“‘Cause what I want with you is none of your business,” Alicia Bognanno sings in a soft bedroom voice, layered above a repeating and driven guitar riff in the opening verse of “Kills to Be Resistant.”
This release off of Bully’s sophomore album, Losing, is not hard to identify with. The drums in this song lay down a foundation, perfectly mirroring Bognanno as she ebbs between gentle verses tip-toeing around the topic, and choruses riddled with gravel, grit and the pain that comes with accepting circumstances as they are. With just drums and bass to hold the words, Bognanno confesses, “When I’m alone, I stare at your picture,” a habit with which most of us are all too familiar. When the guitar riff comes back in for the bridge, it’s an embodiment of that cyclical, anxious thought process that’s attached to facing an end to or a shift in a relationship.

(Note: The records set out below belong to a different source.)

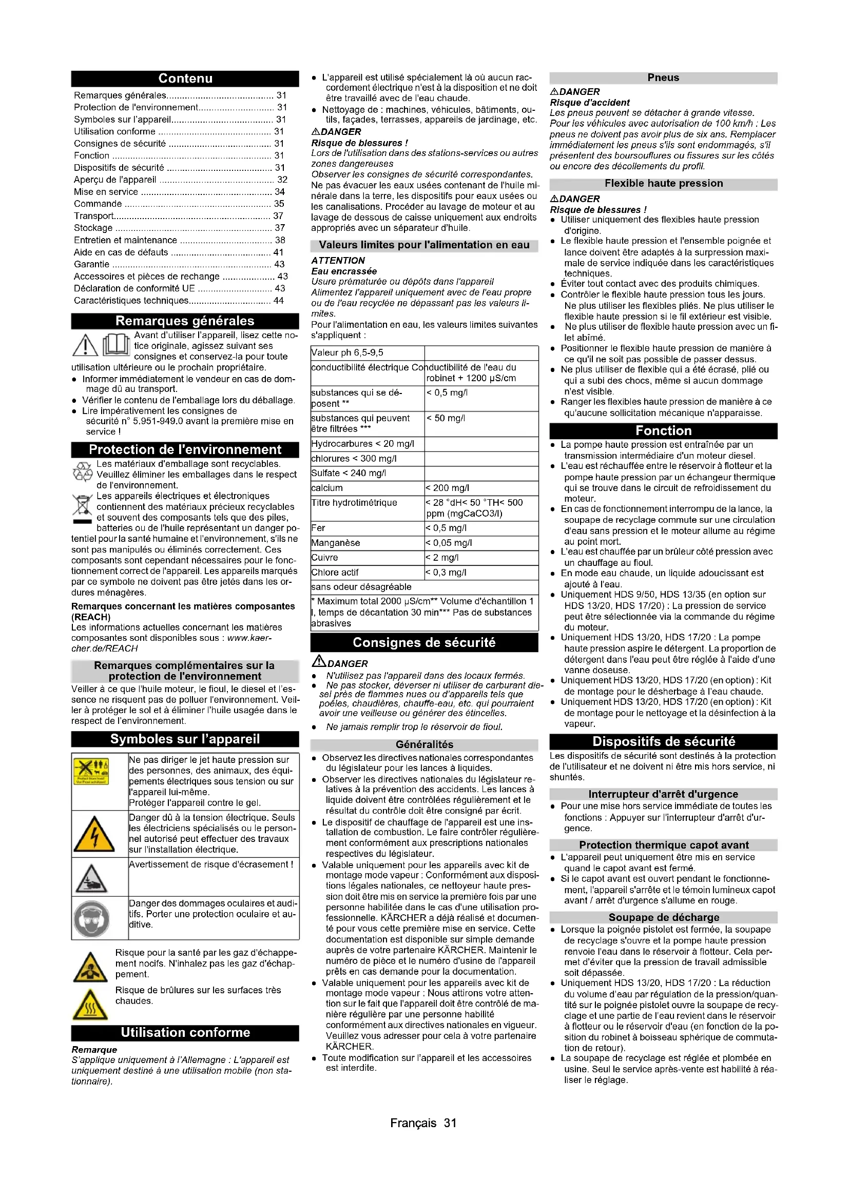 • 2,1 2,1 0,85 0,8Français 31 Contenu Remarques générales Avant d’utiliser l’appareil, lisez cette no- tice originale, agissez suivant ses consignes et conservez-la pour toute utilisation ultérieure ou le prochain propriétaire. ● Informer immédiatement le vendeur en cas de dom- mage dû au transport. ● Vérifier le contenu de l'emballage lors du déballage. ● Lire impérativement les consignes de sécurité n° 5.951-949.0 avant la première mise en service ! Protection de l'environnement Les matériaux d'emballage sont recyclables. Veuillez éliminer les emballages dans le respect de l'environnement. Les appareils électriques et électroniques contiennent des matériaux précieux recyclables et souvent des composants tels que des piles, batteries ou de l'huile représentant un danger po- tentiel pour la santé humaine et l'environnement, s'ils ne sont pas manipulés ou éliminés correctement. Ces composants sont cependant nécessaires pour le fonc- tionnement correct de l'appareil. Les appareils marqués par ce symbole ne doivent pas être jetés dans les or- dures ménagères. Remarques concernant les matières composantes (REACH) Les informations actuelles concernant les matières composantes sont disponibles sous : www.kaer- cher.de/REACH Remarques complémentaires sur la protection de l'environnement Veiller à ce que l'huile moteur, le fioul, le diesel et l’es- sence ne risquent pas de polluer l'environnement. Veil- ler à protéger le sol et à éliminer l’huile usagée dans le respect de l’environnement. Symboles sur l’appareil Utilisation conforme Remarque S’applique uniquement à l’Allemagne : L'appareil est uniquement destiné à une utilisation mobile (non sta- tionnaire). ● L'appareil est utilisé spécialement là où aucun rac- cordement électrique n'est à la disposition et ne doit être travaillé avec de l'eau chaude. ● Nettoyage de : machines, véhicules, bâtiments, ou- tils, façades, terrasses, appareils de jardinage, etc. DANGER Risque de blessures ! Lors de l'utilisation dans des stations-services ou autres zones dangereuses Observer les consignes de sécurité correspondantes. Ne pas évacuer les eaux usées contenant de l'huile mi- nérale dans la terre, les dispositifs pour eaux usées ou les canalisations. Procéder au lavage de moteur et au lavage de dessous de caisse uniquement aux endroits appropriés avec un séparateur d’huile. Valeurs limites pour l'alimentation en eau ATTENTION Eau encrassée Usure prématurée ou dépôts dans l'appareil Alimentez l'appareil uniquement avec de l'eau propre ou de l'eau recyclée ne dépassant pas les valeurs li- mites. Pour l'alimentation en eau, les valeurs limites suivantes s'appliquent : Consignes de sécurité DANGER ● N'utilisez pas l'appareil dans des locaux fermés. ● Ne pas stocker, déverser ni utiliser de carburant die- sel près de flammes nues ou d’appareils tels que poêles, chaudières, chauffe-eau, etc. qui pourraient avoir une veilleuse ou générer des étincelles. ● Ne jamais remplir trop le réservoir de fioul. Généralités ● Observez les directives nationales correspondantes du législateur pour les lances à liquides. ● Observer les directives nationales du législateur re- latives à la prévention des accidents. Les lances à liquide doivent être contrôlées régulièrement et le résultat du contrôle doit être consigné par écrit. ● Le dispositif de chauffage de l'appareil est une ins- tallation de combustion. Le faire contrôler régulière- ment conformément aux prescriptions nationales respectives du législateur. ● Valable uniquement pour les appareils avec kit de montage mode vapeur : Conformément aux disposi- tions légales nationales, ce nettoyeur haute pres- sion doit être mis en service la première fois par une personne habilitée dans le cas d'une utilisation pro- fessionnelle. KÄRCHER a déjà réalisé et documen- té pour vous cette première mise en service. Cette documentation est disponible sur simple demande auprès de votre partenaire KÄRCHER. Maintenir le numéro de pièce et le numéro d'usine de l'appareil prêts en cas demande pour la documentation. ● Valable uniquement pour les appareils avec kit de montage mode vapeur : Nous attirons votre atten- tion sur le fait que l'appareil doit être contrôlé de ma- nière régulière par une personne habilité conformément aux directives nationales en vigueur. Veuillez vous adresser pour cela à votre partenaire KÄRCHER. ● Toute modification sur l’appareil et les accessoires est interdite. Pneus DANGER Risque d'accident Les pneus peuvent se détacher à grande vitesse. Pour les véhicules avec autorisation de 100 km/h : Les pneus ne doivent pas avoir plus de six ans. Remplacer immédiatement les pneus s'ils sont endommagés, s'il présentent des boursouflures ou fissures sur les côtés ou encore des décollements du profil. Flexible haute pression DANGER Risque de blessures ! ● Utiliser uniquement des flexibles haute pression d'origine. ● Le flexible haute pression et l'ensemble poignée et lance doivent être adaptés à la surpression maxi- male de service indiquée dans les caractéristiques techniques. ● Éviter tout contact avec des produits chimiques. ● Contrôler le flexible haute pression tous les jours. Ne plus utiliser les flexibles pliés. Ne plus utiliser le flexible haute pression si le fil extérieur est visible. ● Ne plus utiliser de flexible haute pression avec un fi- let abîmé. ● Positionner le flexible haute pression de manière à ce qu'il ne soit pas possible de passer dessus. ● Ne plus utiliser de flexible qui a été écrasé, plié ou qui a subi des chocs, même si aucun dommage n'est visible. ● Ranger les flexibles haute pression de manière à ce qu'aucune sollicitation mécanique n'apparaisse. Fonction ● La pompe haute pression est entraînée par un transmission intermédiaire d'un moteur diesel. ● L'eau est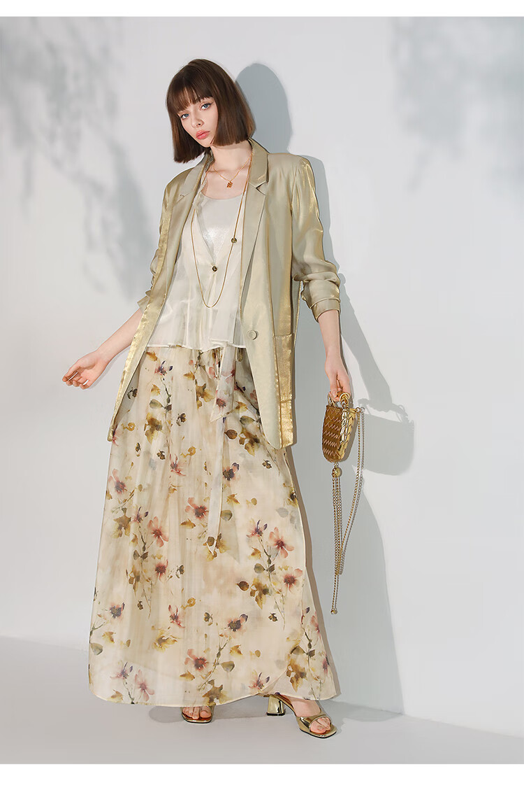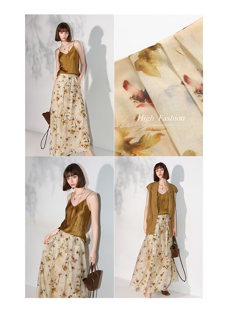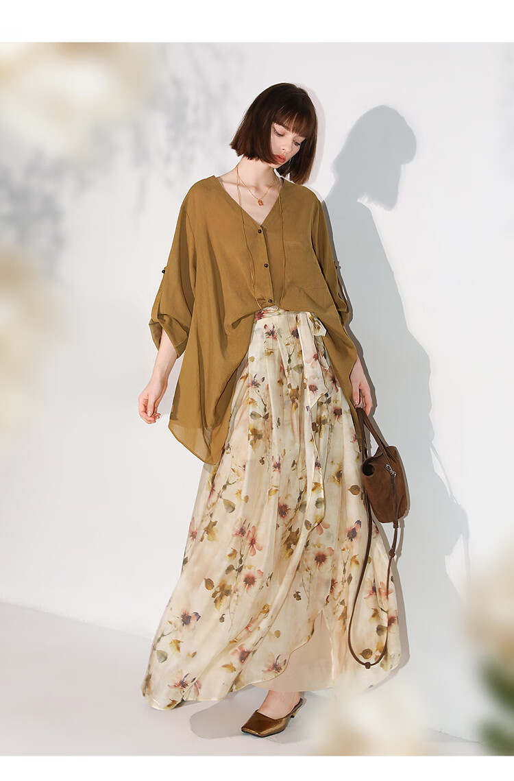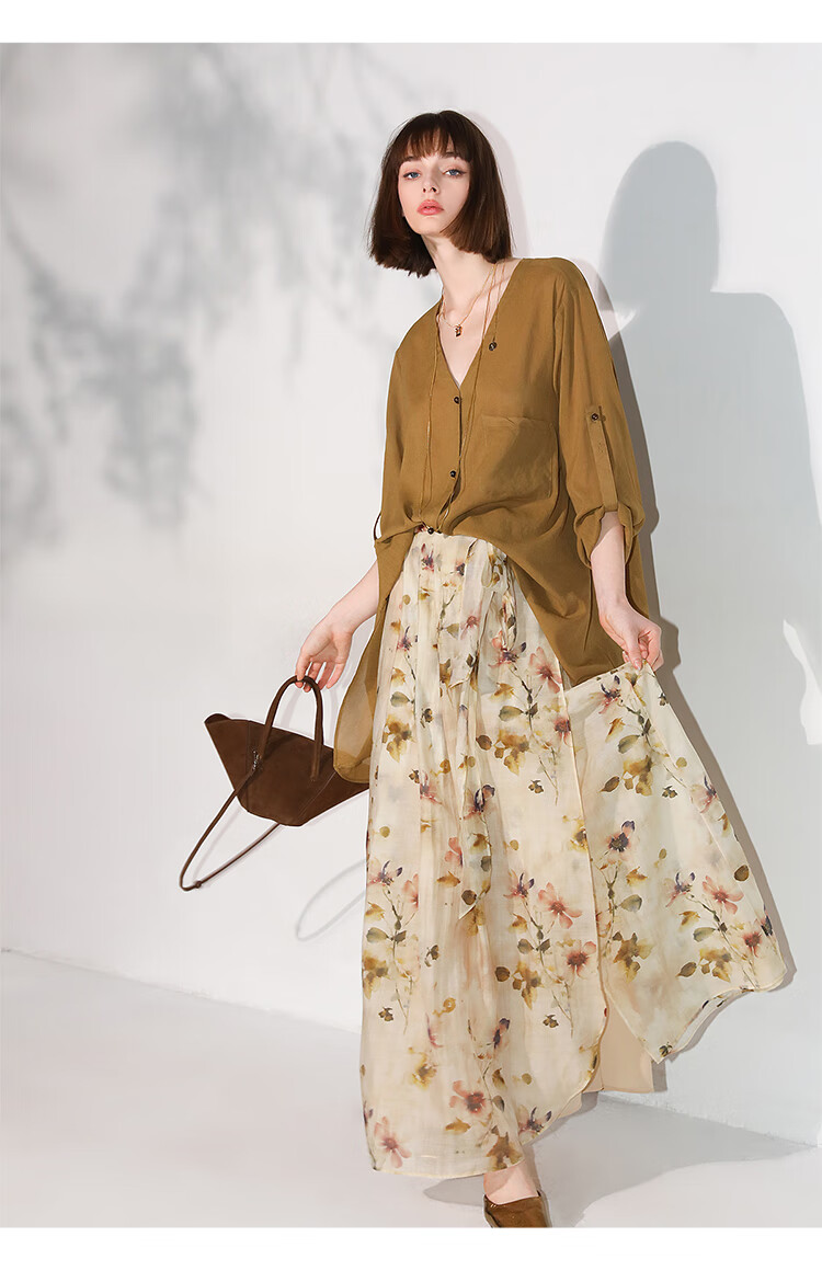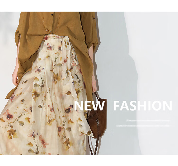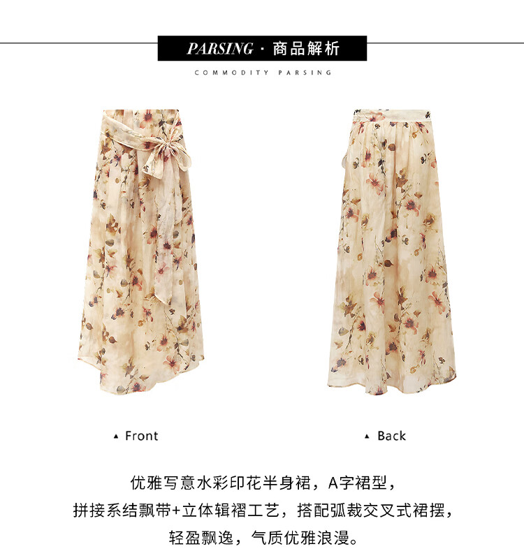 【限时秒杀】COCOBELLA炒色写意花卉莱赛尔半身裙设计感度假风长裙HS0053-2
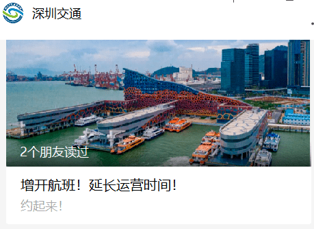 从深圳蛇口出发的新增航班时刻为:18:00、19:00、20:15。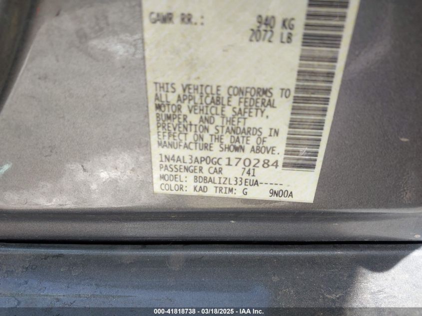 Color GrayCylinders 4Drive Front wheel driveVIN 1N4AL3AP0GC******State Run & Drive VerifiedDamage Right side AutoRIA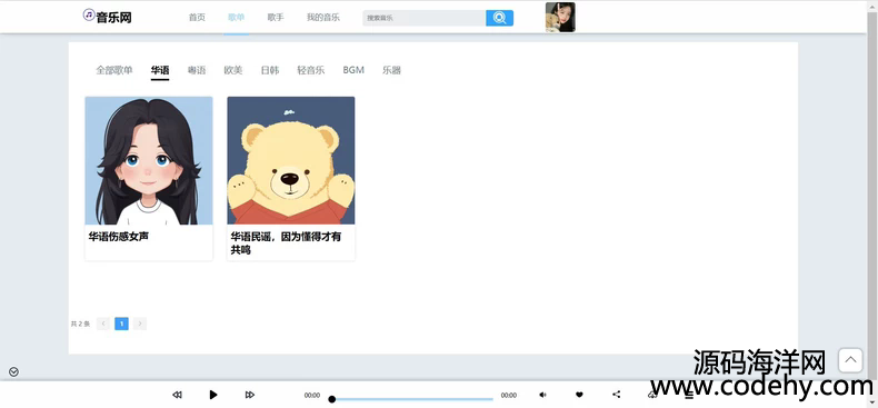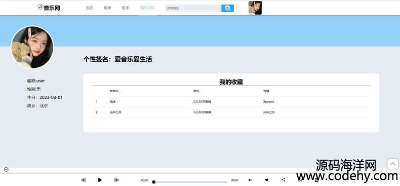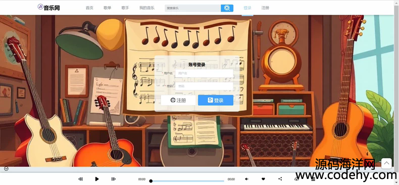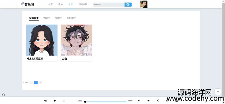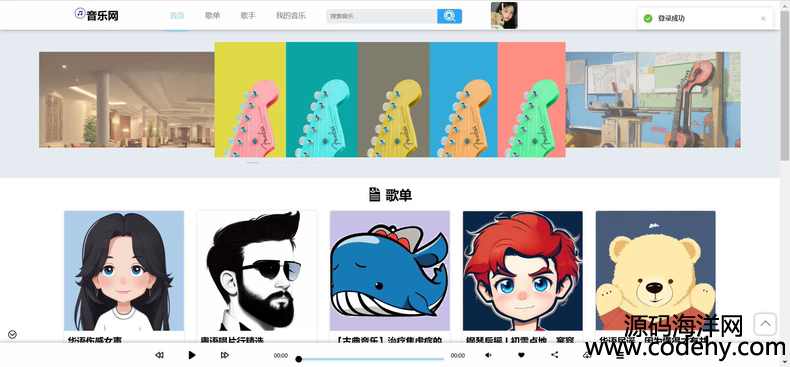 ②:游客模塊:歌曲播放器(播放歌曲)、歌手列表、歌單列表、我的音樂、歌曲播放、歌曲收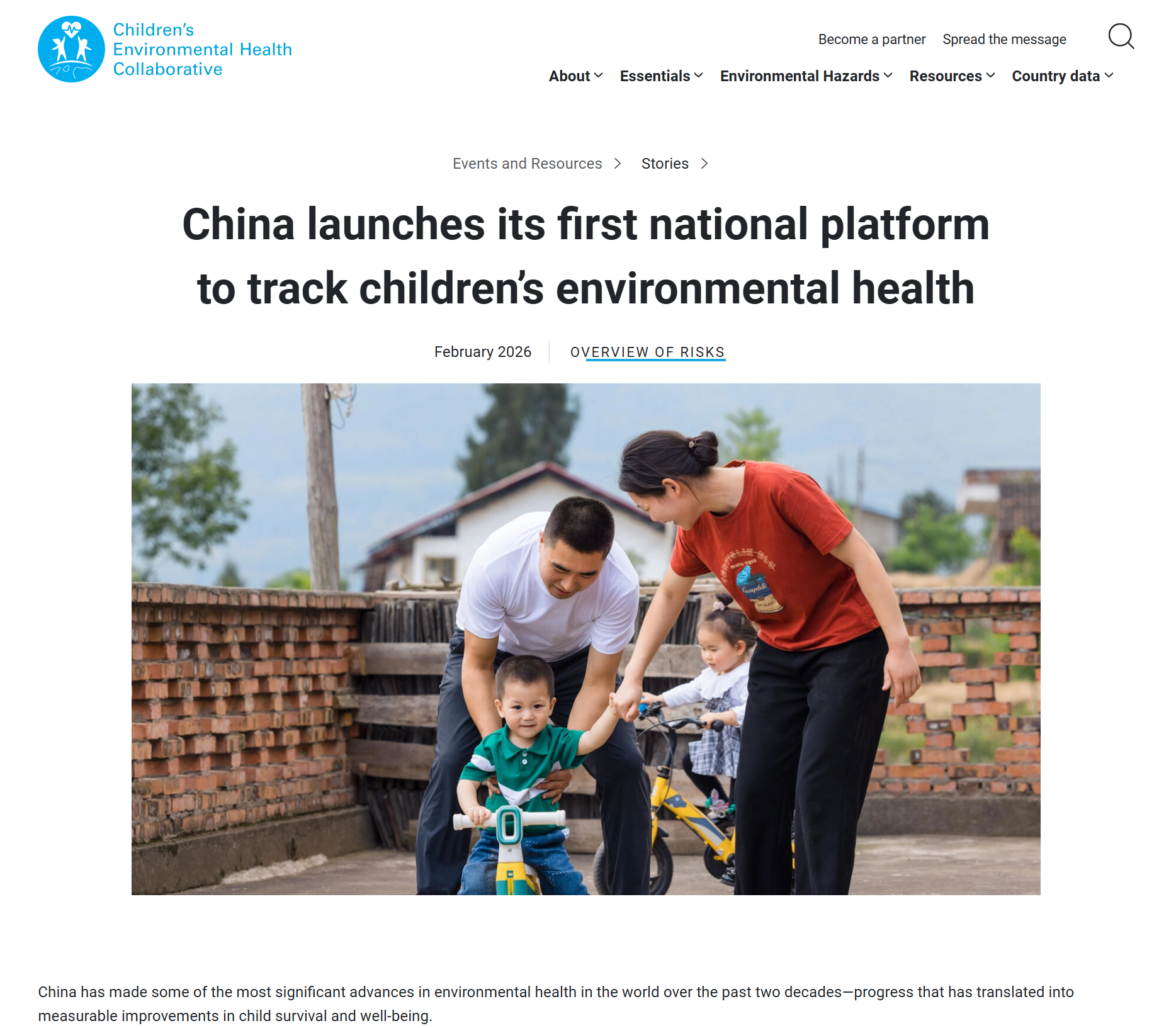2026年2月26日联合国儿童基金会以“China launches its first national platform to track children’s environmental health”(中国推出首个国家级儿童环境健康监测平台)为题,在其官方网站的全球儿童环境健康合作机制专栏中推荐了中国疾病预防控制中心环境所的“环境与儿童健康专栏”(https://cehi.niehs.cn/home-cn/),高度评价了中国在儿童环境健康领域的重大成就,联合国儿童基金会认为这个儿童环境健康专栏并不仅仅是一个数据存储库,而是一个可供实践操作的行动工具,该专栏为政府部门如何将科研证据转化为政策性行动提供了生动范例。全文翻译如下:

“It won’t stop / Do you feel nothing?” she asks in the chorus leading into an outro that matches the built-up frustration in the lyrics with dissonant chords and skillfully-played drum fills.
This is all anyone could have hoped for when anticipating new music from Bully. The sound is full, but nowhere near overly-complicated. Every necessary element is there, coming together to sound so effortless and raw. The only thing more to ask for is a ticket to a live performance.